Burton Richter is recognized for his world-class contributions to research, his successful management of a leading scientific laboratory, and his unrelenting efforts to advance science and to promote its responsible use in shaping public policy.

The Philip Hauge Abelson Prize, established in 1985, is awarded either to a public servant, in recognition of sustained exceptional contributions to advancing science, or to a scientist whose career has been distinguished both for scientific achievement and for other notable services to the scientific community. The recipient receives $5,000 and a commemorative plaque.

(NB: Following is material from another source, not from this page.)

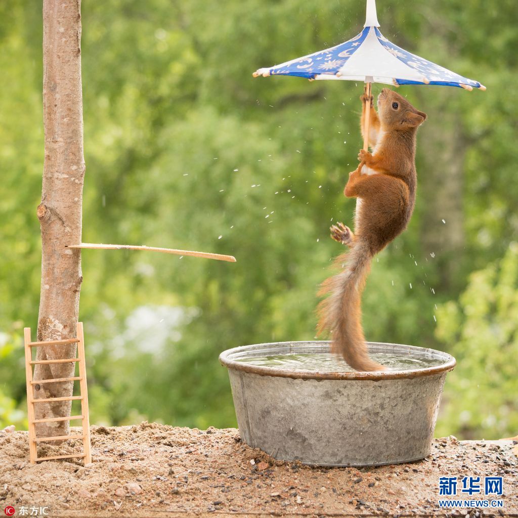 2017年7月6日报道(具体拍摄时间不详),夏天来啦,来自瑞典的松鼠摄影专业户Geert Weggen又为他的小模特们拍摄最新写真啦,这次的拍摄主题是戏水,图片中,可爱的小红松鼠们在Geert为它们悉心准备的“澡盆”里撒欢水花四溅,天生平衡力超强的它们还在盆沿上玩起了倒立,抱着遮阳伞秀功夫欢乐极了。(图片来源: 东方IC)

Burton Richter is Senior Fellow at the Freeman Spogli Institute for

International Studies, Paul Pigott Professor Emeritus in the Physical Sciences at Stanford University, and former director of the Stanford Linear Accelerator Center. He is widely considered to be one of the greats of American and international science.

After receiving his B.S. and Ph.D. degrees from the Massachusetts Institute of Technology in 1952 and 1956, respectively, he accepted a post-doctoral position at Stanford University’s High Energy Physics Laboratory. There he was seized with the idea to test the accepted theory of Quantum Electrodynamics by several methods. One of these approaches was the use of electron-electron storage rings at Stanford. That interest in storage rings persisted after he joined the Stanford Linear Accelerator Center (SLAC) Faculty. After heading one of SLAC’s research groups, he gathered a team promoting the construction of the Stanford Positron-Electron Asymmetric Ring (SPEAR), the first electron-positron storage ring. With it, he discovered a new subatomic particle he called a psi particle (now called a J/? particle). The same discovery was made independently by Samuel Ting, and the two scientists were jointly awarded the 1976 Nobel Prize in Physics for their work.

After serving two years as Technical Director, he became Director of SLAC from 1984 through 1999. During his tenure, SLAC prospered and broadened its interests into photon science by incorporating the synchrotron laboratory into its structure. Since 1999, he has been devoting an increasing amount of time to issues relating to energy and sustainable development.

In addition to the Nobel Prize, Dr. Richter has received many other honors and awards. He is a member of the U.S. National Academy of Sciences; a Fellow of the American Academy of Arts and Sciences and of the American Association for the Advancement of Science; Fellow and Past-President of the American Physical Society (1994); and Past-President of the International Union of Pure and Applied Physics (1999-2002).

He currently chairs the subcommittee on Advanced Nuclear Transmutation Technologies of the U.S. Department of Energy’s Nuclear Energy Research Advisory Committee, and the American Physical Society’s Study Group on Energy Efficiency. He is a member of the French Commissaire a l’Energie Atomique (CEA) Visiting Group, the Lawrence Berkeley National Laboratory Advisory Board, and the JASON Group.